This headline stirred up quite a few thoughts. A bit strong to say i was jolted, since i’ve always known that this was the nation’s psyche, or at least that of our leaders.
At what cost? was the rallying cry at the May 2011 elections, to me, to some of my peers. At what cost this breakneck pace of growth? Is it worth the price? of our old washing dishes, clearing tables, mopping loos? Have we lost our soul in the pursuit of progress (thinly veiled, acceptable euphemism for Mammon)? Slow down! Can we just slow down a little for everyone to be a little more humane? We are a nation, not a company, stop running us like one!
“We have no time for such foolish sentimentality” I can hear the likes of LKY and his men replying, curtly. “This generation has no recollection of hardship, so they can wax lyrical of the soul. With no food there can be no soul.” the lecture comes from wisened old men, deplored and perhaps a bit heart-broken at the ingratitude of these grandchildren who do not know the cost of the toys they whine for, the cost that the previous generation had paid with blood and tears, the price they had paid to make the country what it is today.
Thus, goes Bukit Brown. Bidadari. The (rather ugly I do admit) tri-coloured Bugis blocks. For roads.

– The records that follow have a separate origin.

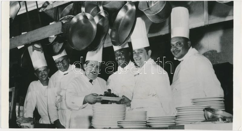 cca 1970 Vendéglátósok. Latzi Wittenberg. New York. A Magyar Hírek fotója, hátoldalán pecséttel. 13,5x23,5 cm.
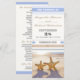 cute modern beach wedding programs with starfish couple, sand and waves.
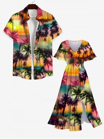 a*****r5Ombre Galaxy Sun Coconut Tree Print Dress and Button Pocket Shirt Plus Size Matching Hawaii Beach Outfit For CouplesColor: MULTI-AMy husband and I love matching when we dress for dinner on our cruises. We get a lot of attention and compliments on this outfit. The material is nice quality. My husband looks good in his shirt and he says it is very comfortable. I love the way the dress falls.
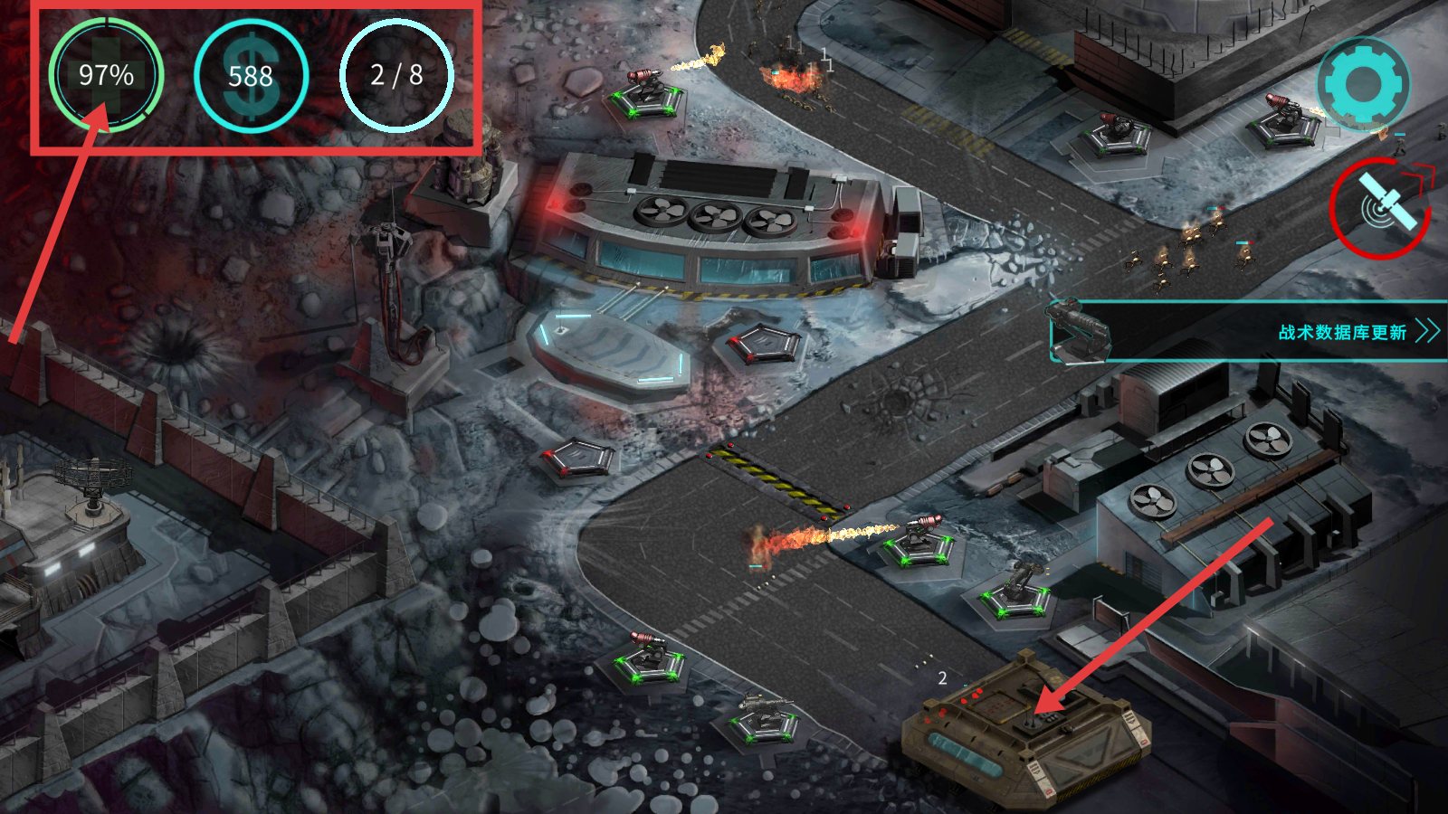 4、关注左上角资源(如【588】金币)、防御状态(如【97%】),利用坦克等单位辅助,应对敌人进攻,推进任务。
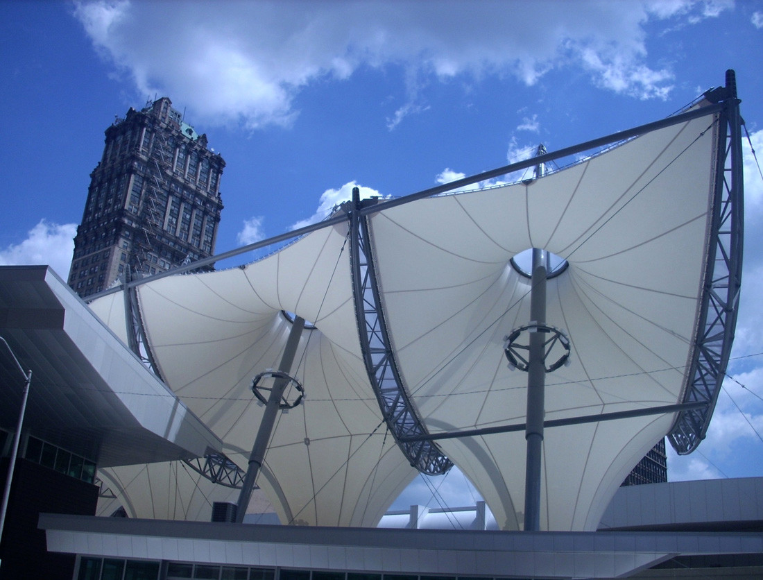 建筑结构:罗莎·帕克斯交通中心膜结构建筑的建筑结构采用轻质、高强度的膜材料,能够承受风吹雨打等自然环境的冲击,保证建筑物的安全性和稳定性。这种膜材料的强度和耐久性比传统建筑材料更高,同时还具备透过性和光线漏射率的特点,供电和通风系统的使用率也会得到提高。
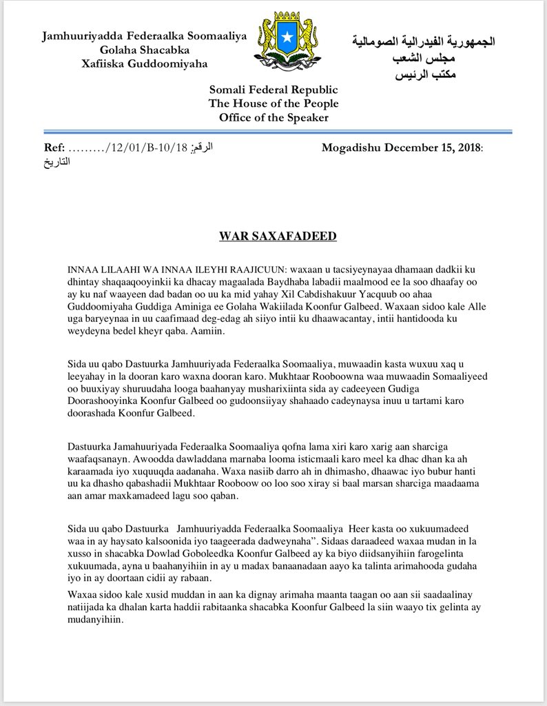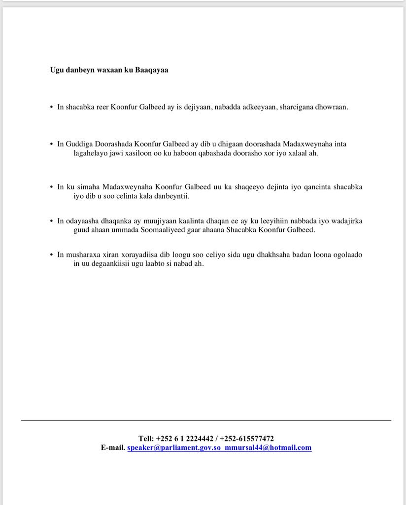 Guddoomiyaha Baarlamaanka Soomaaliya Maxamed Mursal Sheekh ayaa shan qodob kasoo saaray doorashada Maamulka K/Galbeed iyo Xariga Sheekh Mukhtaar Roobow Cali.
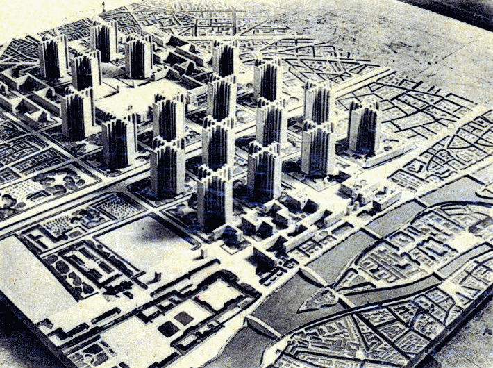 El Plan Voisin de Le Corbusier, patrocinado por un fabricante de automóviles, proponía destruir una gran parte del tejido histórico central de París y el trazado de grandes autopistas en la orilla derecha.

For condos. For tunnels. Almost seems that once something grows old enough for some memories to get attached to it, it’s time is up. McDonald’s East Coast gets torn down. 30 years? too old! SERS it! What’s next? KAP! Dairy Farm! The pace is relentless. “It must not stop! We have no time to stop!” Everytime an episode like this happens, my heart aches for the National Library that once was. For this gaping hole that calls itself progress. Or traffic fluidity. Costly error to nation building, was my take on it.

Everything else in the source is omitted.